Required action:
Using the listing below, copy exactly each line from the one that has "Обложка корд-кейса изготовлена" through the one that has "Stříška slunečníku je"; omit the pictures.

Provided material:
◆ ◆ ◆

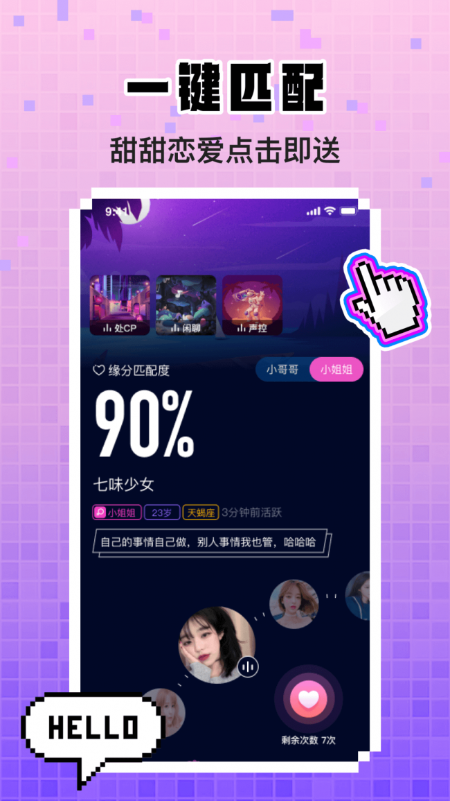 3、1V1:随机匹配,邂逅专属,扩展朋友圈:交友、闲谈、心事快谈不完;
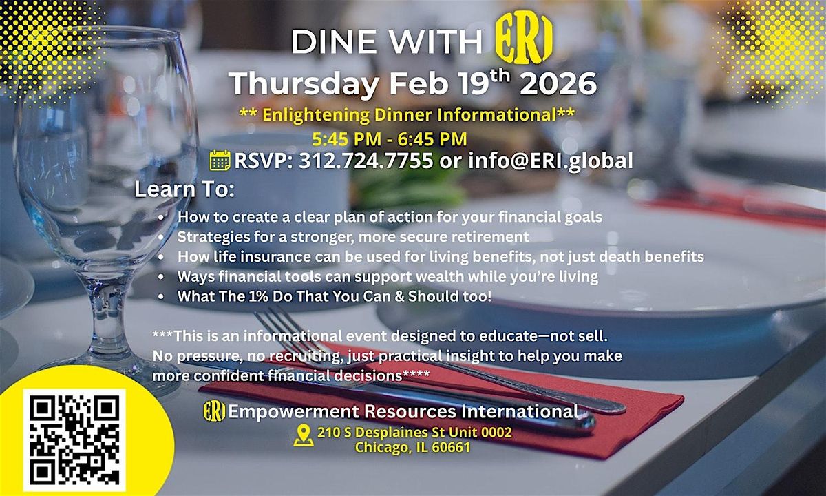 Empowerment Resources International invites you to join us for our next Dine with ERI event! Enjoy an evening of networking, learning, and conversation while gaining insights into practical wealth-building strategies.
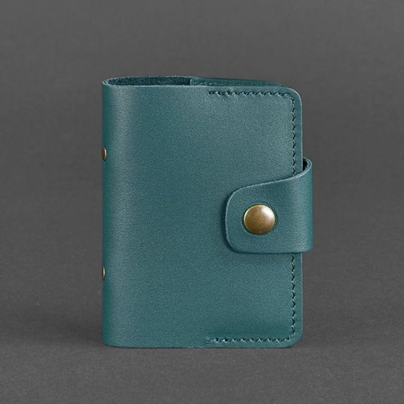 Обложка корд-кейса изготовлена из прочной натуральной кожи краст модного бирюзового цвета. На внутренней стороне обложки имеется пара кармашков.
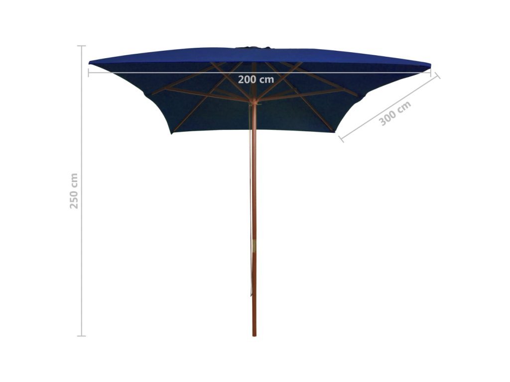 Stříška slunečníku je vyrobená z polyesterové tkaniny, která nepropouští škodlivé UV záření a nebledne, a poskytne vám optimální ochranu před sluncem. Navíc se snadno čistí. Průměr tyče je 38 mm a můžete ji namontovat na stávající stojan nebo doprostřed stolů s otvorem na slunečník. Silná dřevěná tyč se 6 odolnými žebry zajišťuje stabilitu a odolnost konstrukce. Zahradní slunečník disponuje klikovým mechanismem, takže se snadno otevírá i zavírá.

◆ ◆ ◆

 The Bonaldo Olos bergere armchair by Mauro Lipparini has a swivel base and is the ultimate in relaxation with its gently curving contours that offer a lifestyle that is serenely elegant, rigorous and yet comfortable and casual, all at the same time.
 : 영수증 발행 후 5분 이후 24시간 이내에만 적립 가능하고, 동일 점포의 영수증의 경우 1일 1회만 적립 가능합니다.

◆ ◆ ◆

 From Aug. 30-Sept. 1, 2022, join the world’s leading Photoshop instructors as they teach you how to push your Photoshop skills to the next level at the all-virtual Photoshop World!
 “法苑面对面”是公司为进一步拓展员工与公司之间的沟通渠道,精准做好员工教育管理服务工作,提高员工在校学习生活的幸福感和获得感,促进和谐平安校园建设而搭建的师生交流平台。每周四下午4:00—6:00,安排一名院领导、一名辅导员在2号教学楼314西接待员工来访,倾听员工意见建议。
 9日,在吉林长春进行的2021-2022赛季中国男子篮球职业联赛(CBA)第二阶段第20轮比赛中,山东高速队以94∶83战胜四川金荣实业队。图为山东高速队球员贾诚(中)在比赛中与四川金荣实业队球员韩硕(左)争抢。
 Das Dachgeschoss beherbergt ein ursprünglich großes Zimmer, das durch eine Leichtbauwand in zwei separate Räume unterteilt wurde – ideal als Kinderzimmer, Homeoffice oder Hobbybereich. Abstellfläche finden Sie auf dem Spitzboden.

◆ ◆ ◆

Task solution:
 Обложка корд-кейса изготовлена из прочной натуральной кожи краст модного бирюзового цвета. На внутренней стороне обложки имеется пара кармашков.
 Stříška slunečníku je vyrobená z polyesterové tkaniny, která nepropouští škodlivé UV záření a nebledne, a poskytne vám optimální ochranu před sluncem. Navíc se snadno čistí. Průměr tyče je 38 mm a můžete ji namontovat na stávající stojan nebo doprostřed stolů s otvorem na slunečník. Silná dřevěná tyč se 6 odolnými žebry zajišťuje stabilitu a odolnost konstrukce. Zahradní slunečník disponuje klikovým mechanismem, takže se snadno otevírá i zavírá.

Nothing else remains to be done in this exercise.